Avoid making assumptions about:

  • Precursor ordering by nAA
  • Fragment indices ordering (e.g., frag_start_idx)
  • Continuity of frag_start_idx where frag_start_idx[i+1] == frag_stop_idx[i]
  • All fragments being assigned to a precursor

Assumptions are only permitted for low-level or optimized functions and should be documented in the docstring.

3. Optimization Strategy

When performance optimization is needed:

  1. Implement the general solution first
  2. Add optimized versions for special cases for refined precursor df or order nAA
  3. Check conditions at runtime to use optimized versions when applicable

4. Code Quality

5. pre-commit hooks

It is highly recommended to use the provided pre-commit hooks, as the CI pipeline enforces all checks therein to pass in order to merge a branch.

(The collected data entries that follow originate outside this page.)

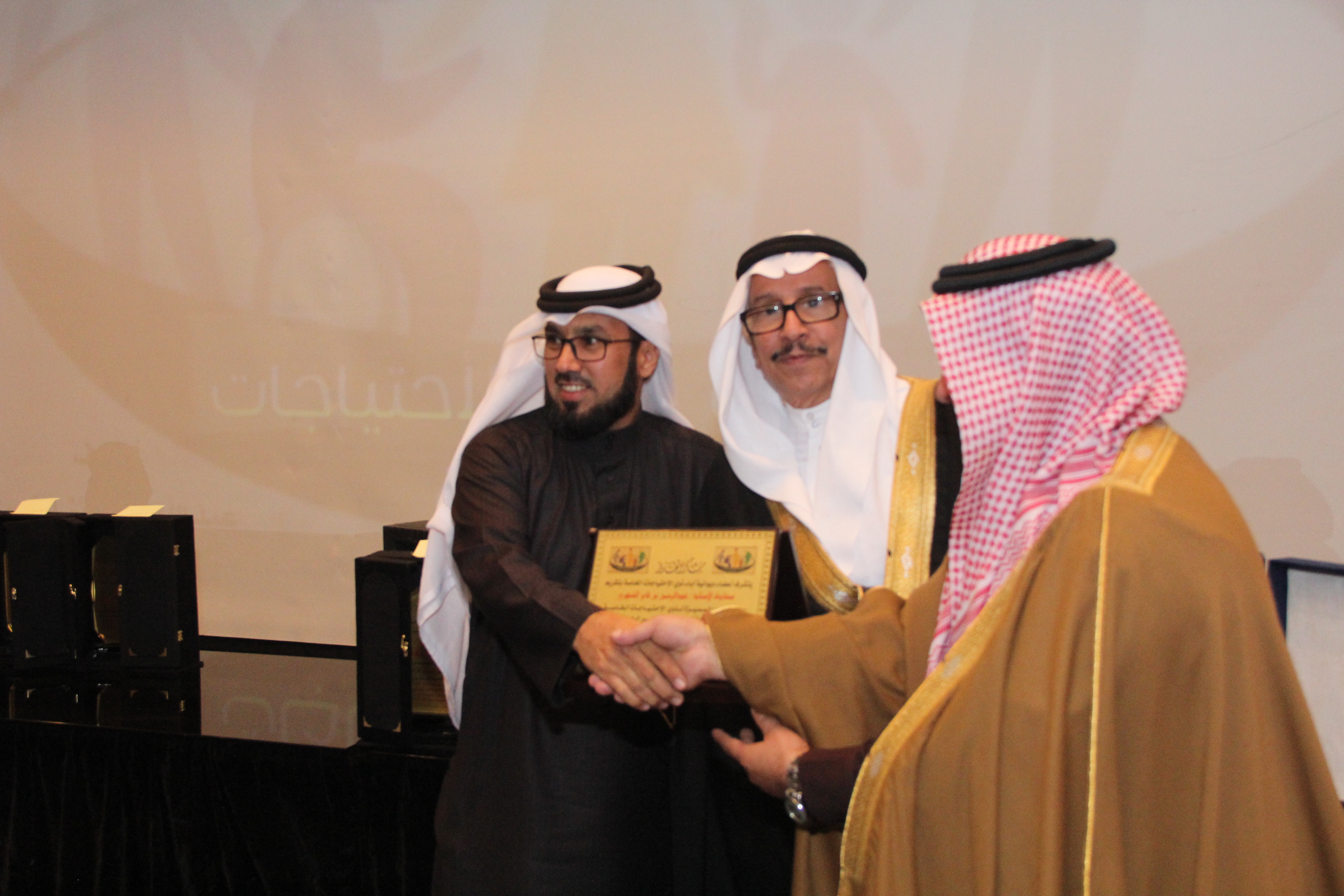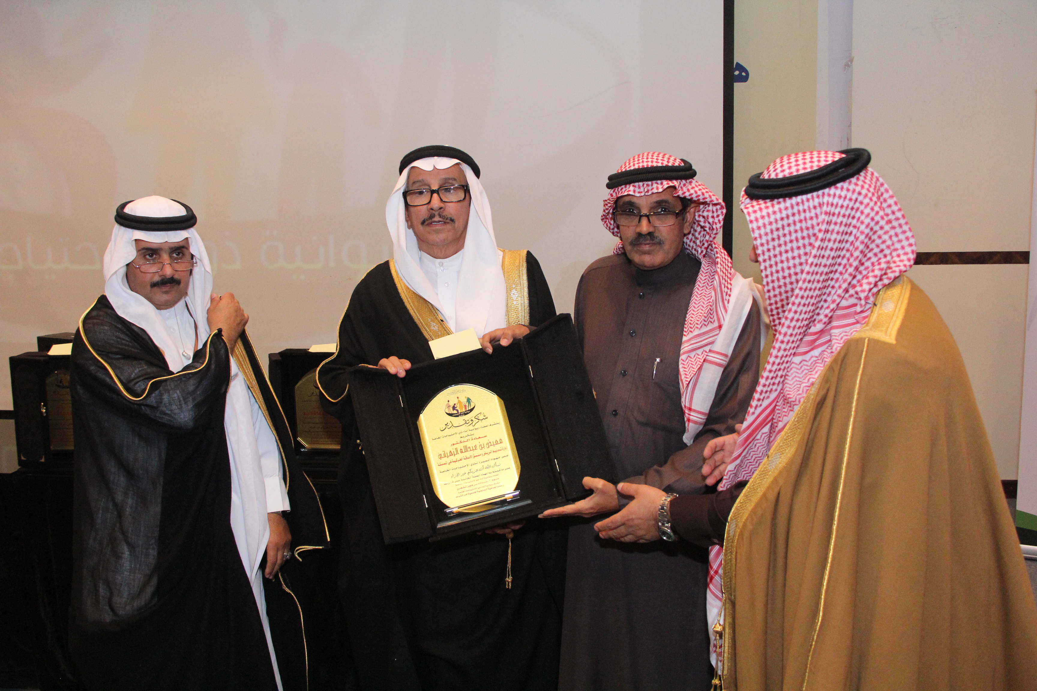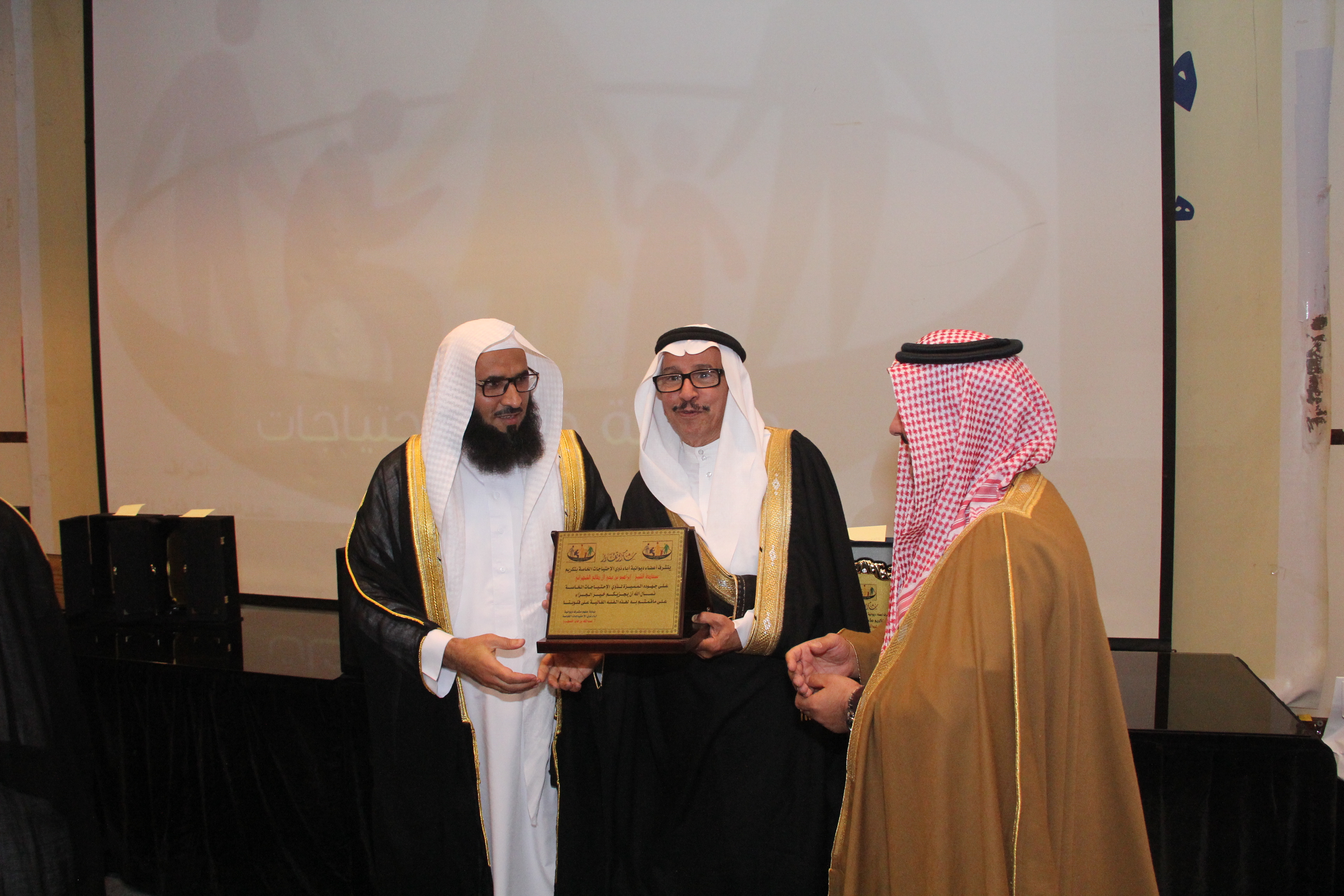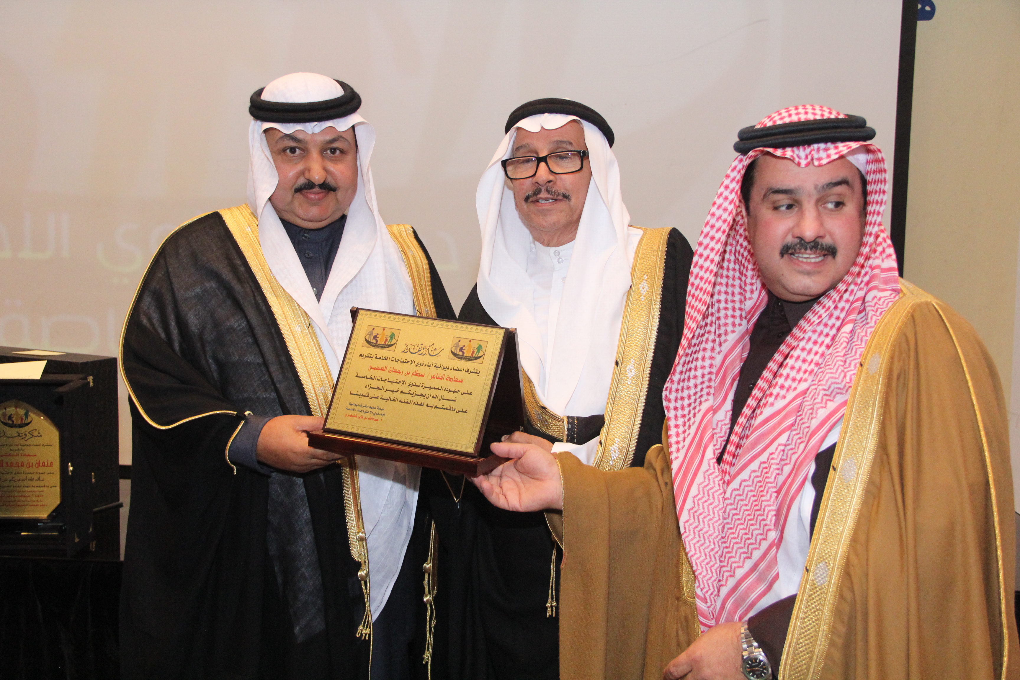 أقام أولياء أمور ذوي الاحتياجات الخاصة حفلاً تكريمياً للاستاذ سعد بن عبدالعزيز العويس نظير جهوده المميزة وسعيه الدؤب لخدمة تلك الفئة الغالية وذلك في مركز البابطبن الثقافي بحضور العديد من المسؤولين والاكاديميين والمهتمين والداعمين وأولياء الأمور ، وقد أعد برنامجاً خطابياً بهذه المناسبة تنوعت فقراته حيث القى سعادة الاستاذ الدكتور عبدالمحسن بن سعد العتيبي نائب جمعية أسر التوحد كلمة بهذه المناسبة ، كما القى مشرف ديوانية آباء ذوي الاحتياجات الخاصة الاستاذ عبدالله بن فايز الشهري كلمته بهذه المناسبة ، ثم تحدث المحتفى به للحضور مجدداً العزم على مواصلة مسيرة عمله الدؤب لخدمة تلك الفئة، وفي مدخلة هاتفية أكدت سمو الأميرة سميرة الفرحان رئيسة جمعية أسر التوحد بالمملكة دعمها التام لكل مايخدم ذوي الاحتياجات الخاصة معبرة عن شكرها وتقدير لجهود المحتفى به وجميع أعضاء ديوانية آباء ذوي الاحتياجات الخاصة ،ثم توالت المشاركات والمداخلات المميزة والتي أثرت الحفل ، بعدها تم تقديم الهديا للمحتفى به وللجهات الداعمة والراعية .
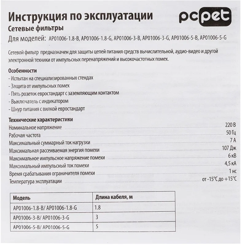 Сетевой фильтр PC Pet AP01006-1.8-G 1.8м (5 розеток) серый (пакет ПЭ)
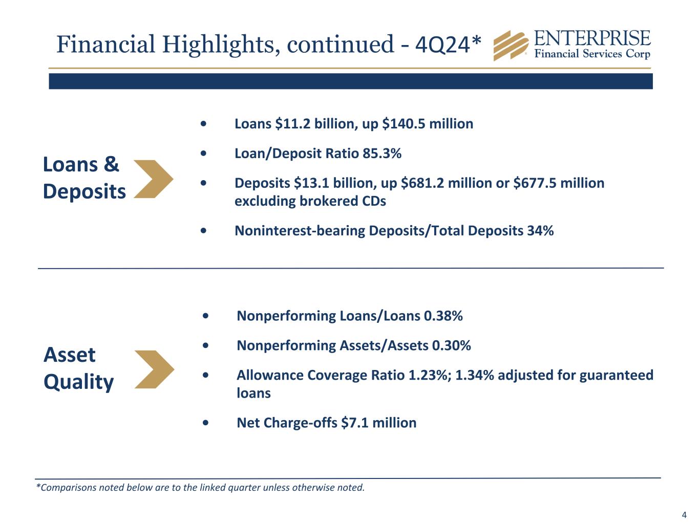 3 *Comparisons noted below are to the linked quarter unless otherwise noted. **A Non-GAAP Measure, Refer to Appendix for Reconciliation. Capital • Tangible Common Equity/Tangible Assets** 9.05%, compared to 9.50% • Tangible Book Value Per Common Share** $37.27, compared to $37.26 • CET1 Ratio 11.8%, compared to 11.9% • Repurchased 206,529 shares at an average price of $54.01 • Quarterly common stock dividend of $0.28 per share in fourth quarter 2024 ($0.01 increase) • Quarterly preferred stock dividend of $12.50 per share ($0.3125 per depository share) • Net Income $48.8 million, down $1.8 million; EPS $1.28 • Net Interest Income $146.4 million, up $2.9 million; NIM 4.13% • PPNR** $69.4 million, up $4.3 million • Adjusted ROAA** 1.31%, compared to 1.32%; PPNR ROAA** 1.80%, compared to 1.74% • Adjusted ROATCE** 14.05%, compared to 14.16% Earnings Financial Highlights - 4Q24*
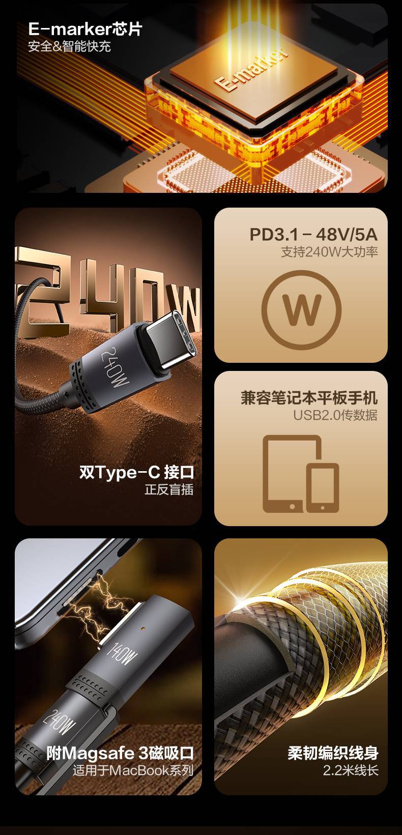 品勝二合一240W筆電數據充電線雙C適用蘋果華爲iPadPro平板快充
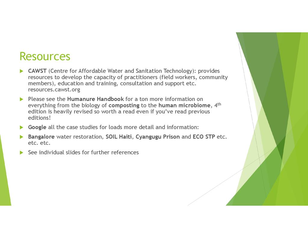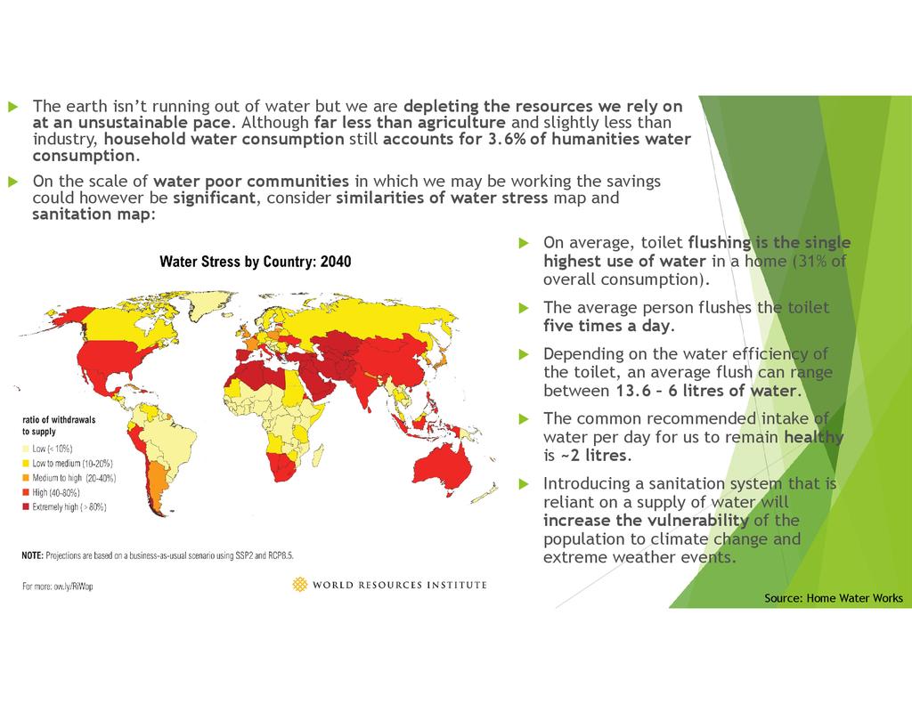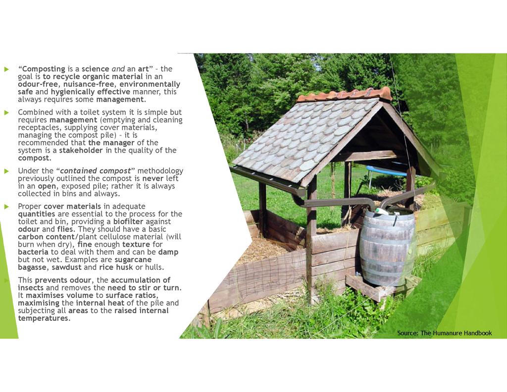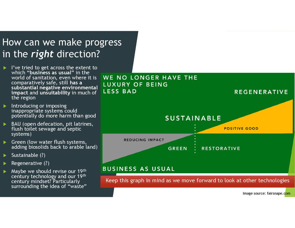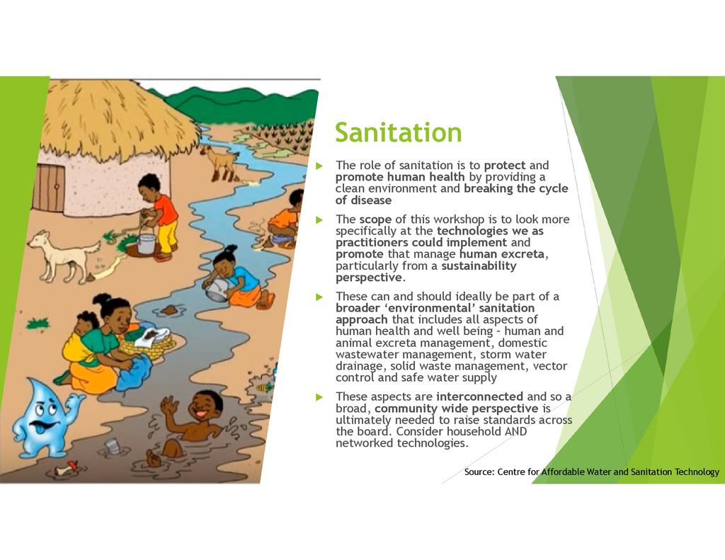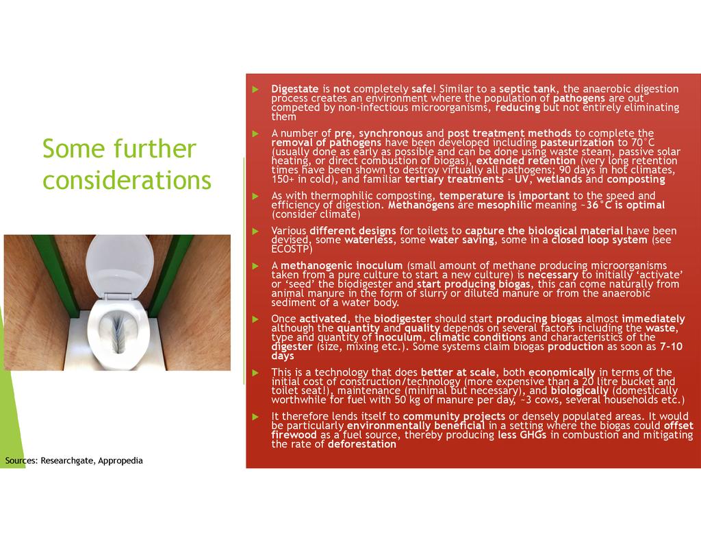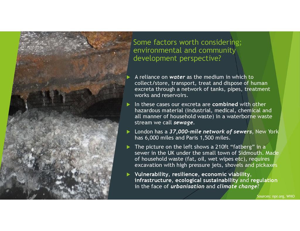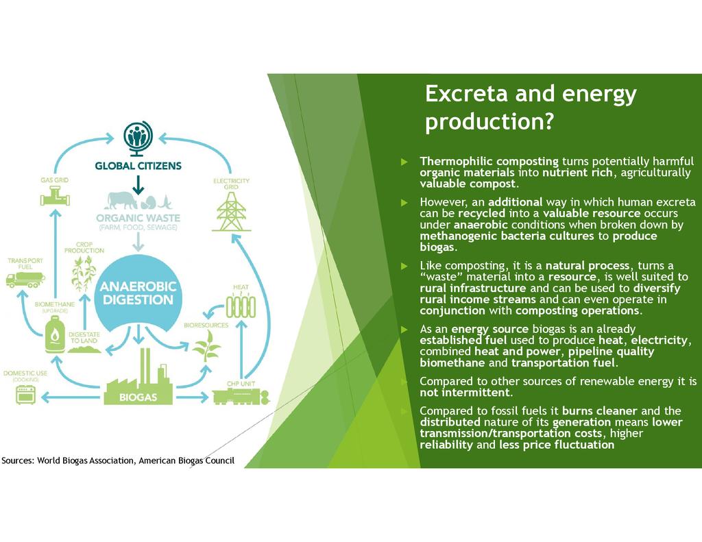 An exploration of the need for a shift in the current paradigm of human "waste" and the pleasingly simple science that offers a solution; we will look at the different sanitation situations around the world, how and why they may be problematic, discuss the most appropriate ecological solutions on offer exploring how they work and the benefits they can bring.

The hooks need to be installed once by

pre-commit install

You can run the checks yourself using:

pre-commit run --all-files

6. Tagging of Pull Requests

In order to have release notes automatically generated, pull requests need to be tagged with labels. The following labels are used (should be safe-explanatory): breaking-change, bug, enhancement.

7. Release a new version

This package uses a shared release process defined in the alphashared repository. Please see the instructions there.


Changelog

For a full overview of the changes made in each version see CHANGELOG.md (until version 1.1.0) and the github release notes (from >1.1.0).